Many people still ask me why I didn't see or photograph the Damned in the LA debut (I'd already seen them in London). I absolutely HAD TO see Television. Maybe it was because I'd read so much New York Rocker or had been blown away by Patti Smith a year earlier... or maybe because the Verlaine of the 19th Century (Paul, the French imagist poet, who was the mentor and lover of Arthur Rimbaud) was a favorite poet of mine and I had to give props to any contemporary musician paying such homage. That, and they'd put out a fantastic single "Little Johnny Jewel" that was different than anything I'd ever heard. Their debut album featured not the three-minute power chord songs like The Ramones, Television's NYC/CBGB mates, but rather lengthy guitar explorations that supported Verlaine's poetic lyrics.
That debut album, Marquee Moon was produced by Andy Johns, brother of the more famous, classic rock (as in the Who, Rolling Stones, et al) producer, Glynn Johns. It was also released on Elektra, a major label. Yet with all the trappings of being a major band, Television's beginnings gave them a sine qua non punk/DIY pedigree.

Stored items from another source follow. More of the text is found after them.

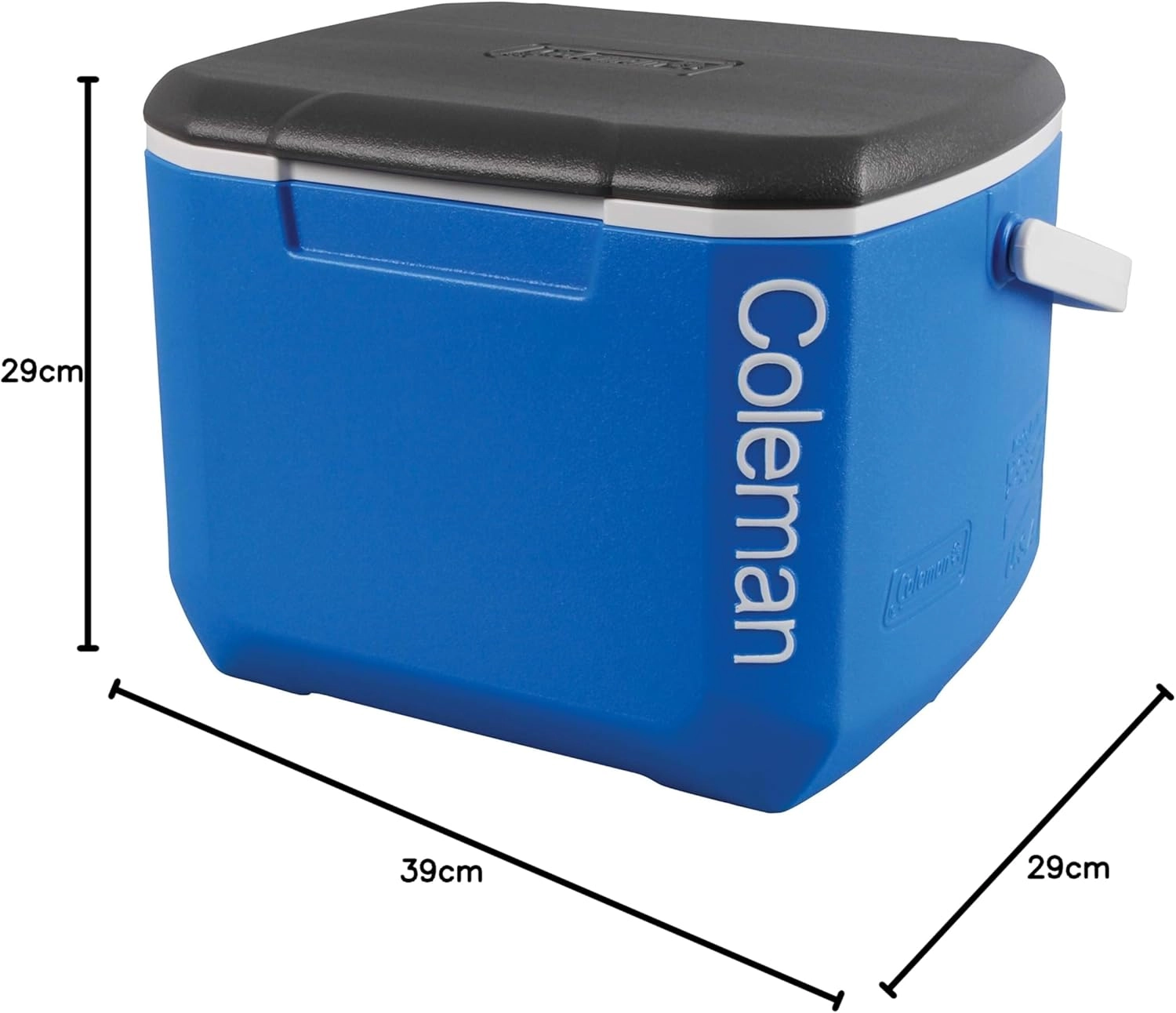 - Wymiary (wew. / wew. ): 39 x 31 x 27 / 32 x 25 x 21 cm. Waga 2,5 kg. Materiał (wew. / cal. Polietylen o wysokiej gęstości (HDPE), bez BPA, izolowana pianka poliuretanowa (PU). Pojemność 15 l. Zatrzymywanie lodu: 1 dzień.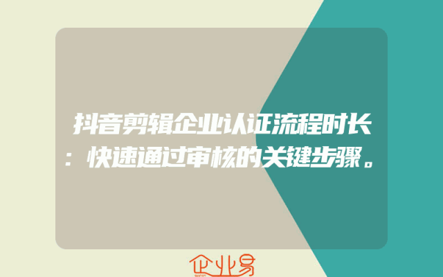 - 抖音剪辑企业认证流程时长:快速通过审核的关键步骤。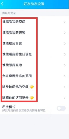 4、进入好友动态设置后,可以看到各种设置的访问权限,根据要求选择设置即可。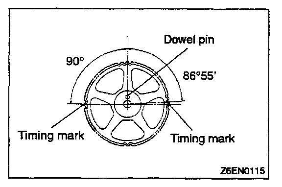 NOTE: The same camshaft sprocket is used for the intake and exhaust camshafts. This is provided with two timing marks. When the sprocket is mounted on the exhaust camshaft, use the timing mark on the right with the dowel pin hole on top. For the intake camshaft sprocket, use the one on the left with the dowel pin hole on top.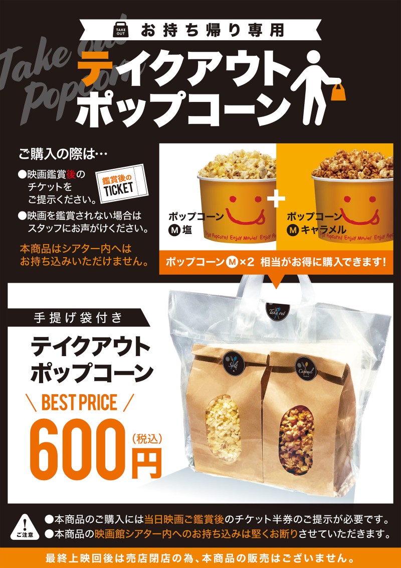 2026.03.20 NEW テイクアウトポップコーン 600円 塩とキャラメルMサイズ相当のポップコーンがお得に購入いただけるお持ち帰り専用ポップコーンです。 MOVIX広島駅 ムービックスヒロシマエキ カテゴリー エンタメ& カルチャー 業態 シネマコンプレックス フロア minamoa 7F ホテル・シネマ・ウッドデッキ広場 MAP 電話番号 営業時間 9:00~23:00( 時期・上映作品によって異なります ) URL 公式サイト ショップ詳細 BACK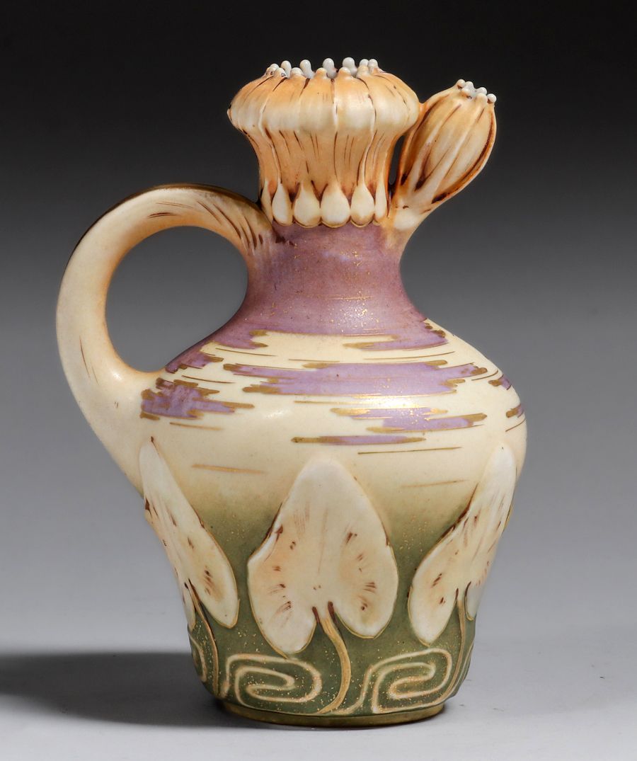 - Amphora Pottery Lily Pad Decorated Pitcher c1900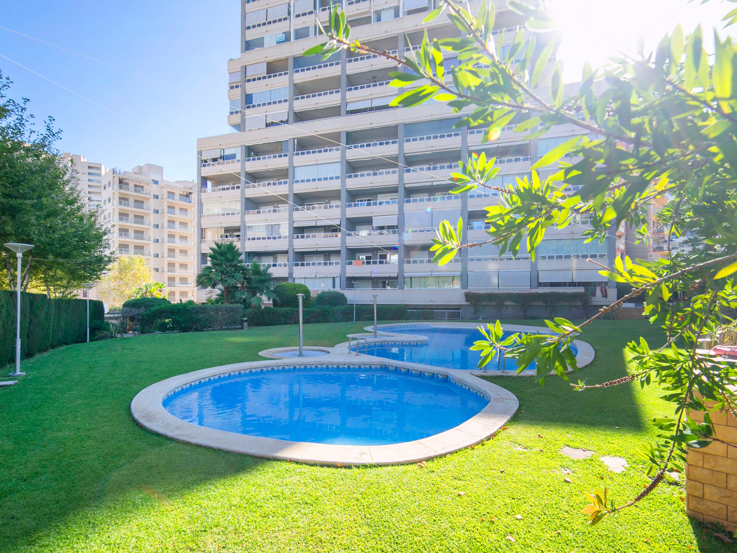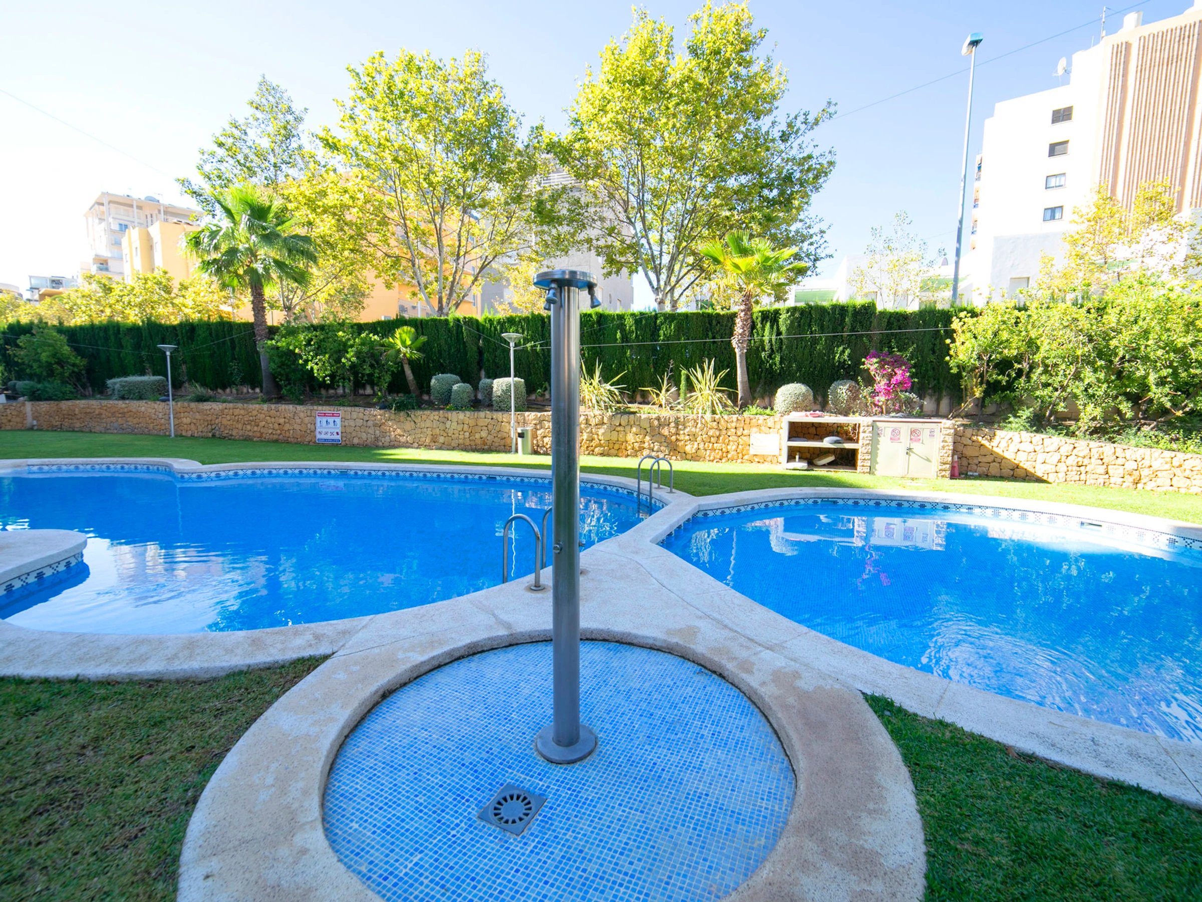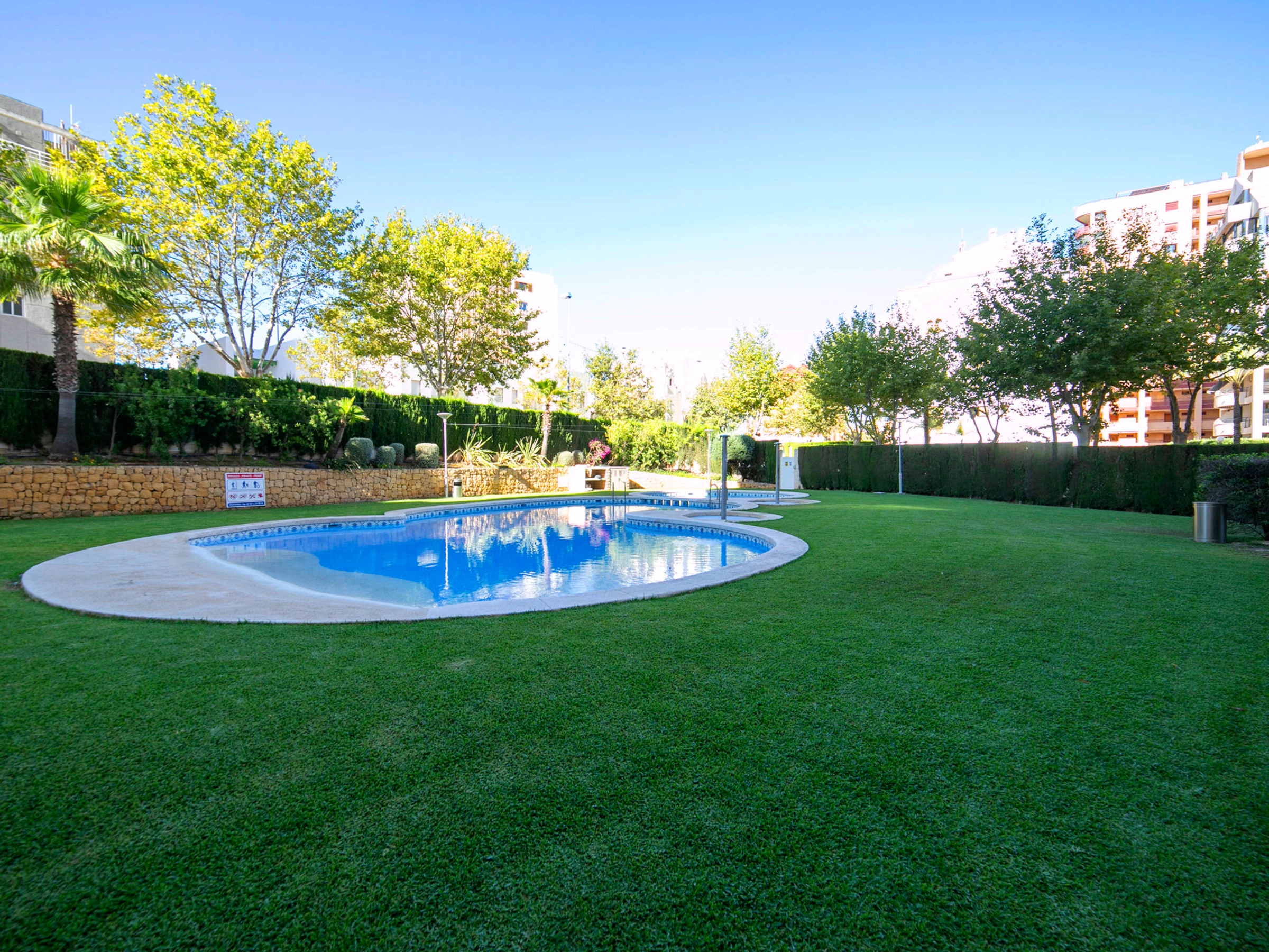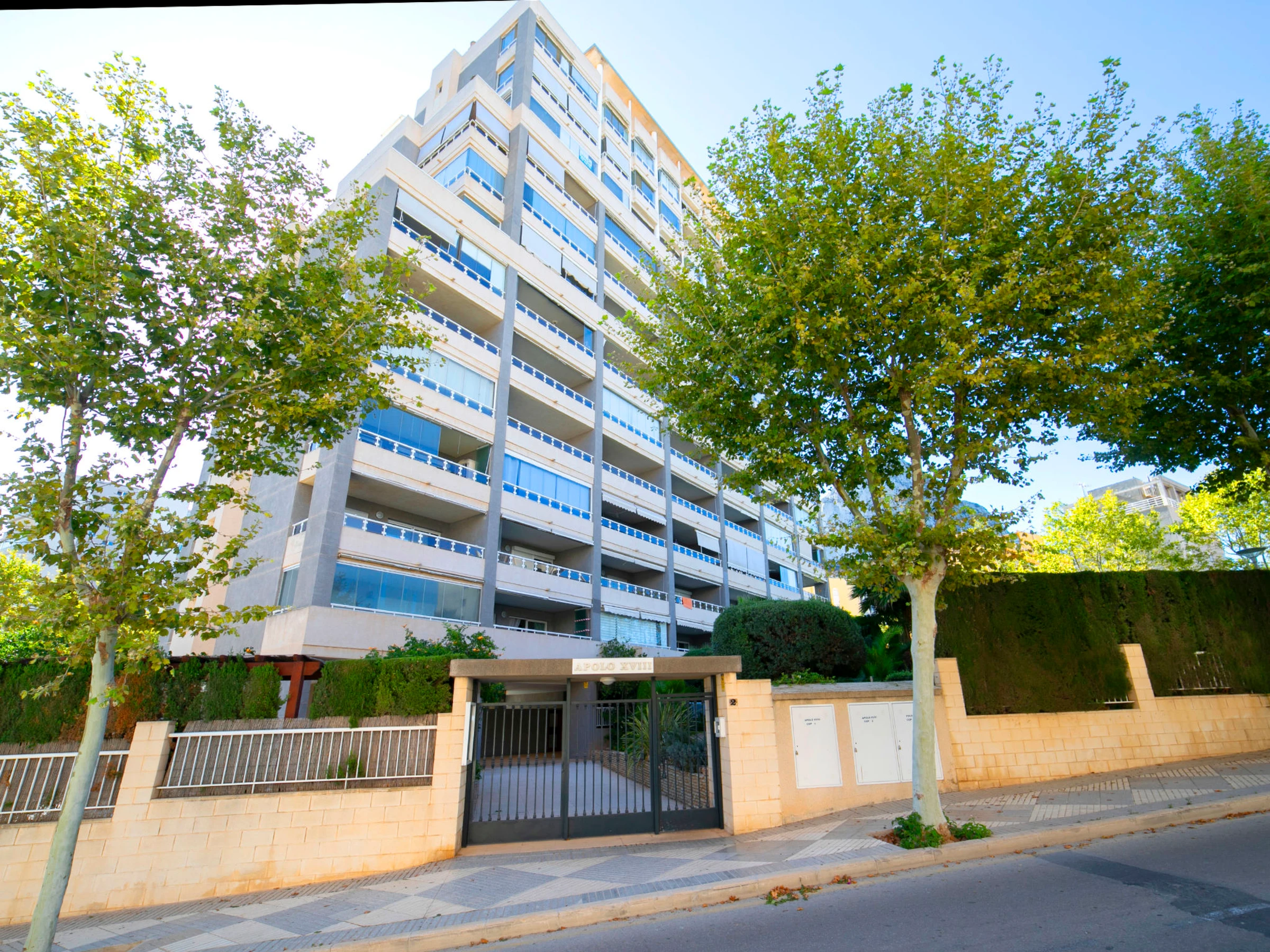 Beautiful apartment block "Apolo XVIII". 2 km from the centre of Calpe, 100 m from the sea, 100 m from the beach. For shared use: property (fenced), garden, lawn for sunbathing, swimming pool (20 x 9 m, seasonal availability: [hidden] - [hidden] Children's pool, outdoor shower. In the house: lift. Public car park at 50 m. Shop, grocery, supermarket 250 m, restaurant, bar, café 50 m, bus stop "Parada Bus" 130 m, sandy beach "Playa Cantal Roig" 100 m. Sports harbour, marina 350 m. Nearby attractions: Aqualandia, Mundomar, Terra Mítica, Terra Natura, Benidorm Palace (Benidorm), Les Fonts de l'Algar, Castillo de Guadalest.

Some of my favorite poetry from the 1970s is not from the poets, but from the lyricists of punk rock, such as Patti Smith, Richard Hell, Dee Dee Ramone and Tom Verlaine. Every lyric on Marquee Moon could stand on its own without the music. The music could also stand on its own as an instrumental. The guitar solos on the 10-minute long title track "Marquee Moon" were a blistering head trip with a structure that was indeed a journey. No guitar player is really worth his salt in my mind unless he could pull off both the riff and the rhythm of "Friction." I've been teased for liking Television; I've been teased for thinking their poetry is stellar. You be the judge - is anything in rock n roll more clever than "I fell into the arms of the Venus de Milo?" I think not. Its rich and layered and visual and visceral all at once.
Television may not be your run of the mill punk rockers, but punk rock would not have had a home if not for Television.